● **Exercise instructions**
Leaving out the pictures, retype the lines from the top of the listing through the line with "Читинская область. Совхоз" exactly.

● **Stored data**
= Beginning of Section =
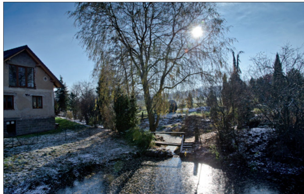
Rybniček uprostřed vesnice. Pohled na hlavní třídu v Běštvínách.
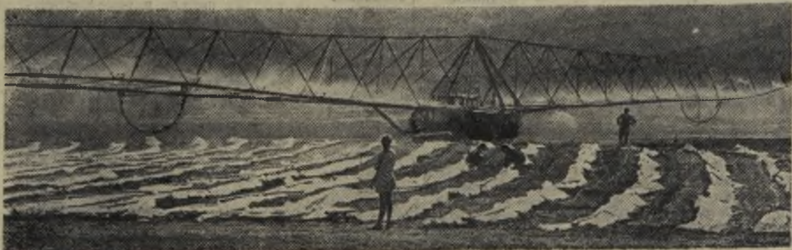
Читинская область. Совхоз «Кенонский» — крупнейший в забайкалье поставщик овощей. На всех площадях, где высажены огурцы, помидоры, капуста, морковь, работают поливальные установки (на снимке).

Таким коммунистам не место в рядах нашей партии. Злостным прогульщикам, пьяницам, нарушителям трудовой дисциплины не должно быть места в социалистическом обществе. И давно пора от слов переходить к решительным мерам воздействия. Необходимо вокруг пьяниц создавать такую обстановку, чтобы земля горела у них под ногами.
= End of Section =
● **Response box**
Rybniček uprostřed vesnice. Pohled na hlavní třídu v Běštvínách.
Читинская область. Совхоз «Кенонский» — крупнейший в забайкалье поставщик овощей. На всех площадях, где высажены огурцы, помидоры, капуста, морковь, работают поливальные установки (на снимке).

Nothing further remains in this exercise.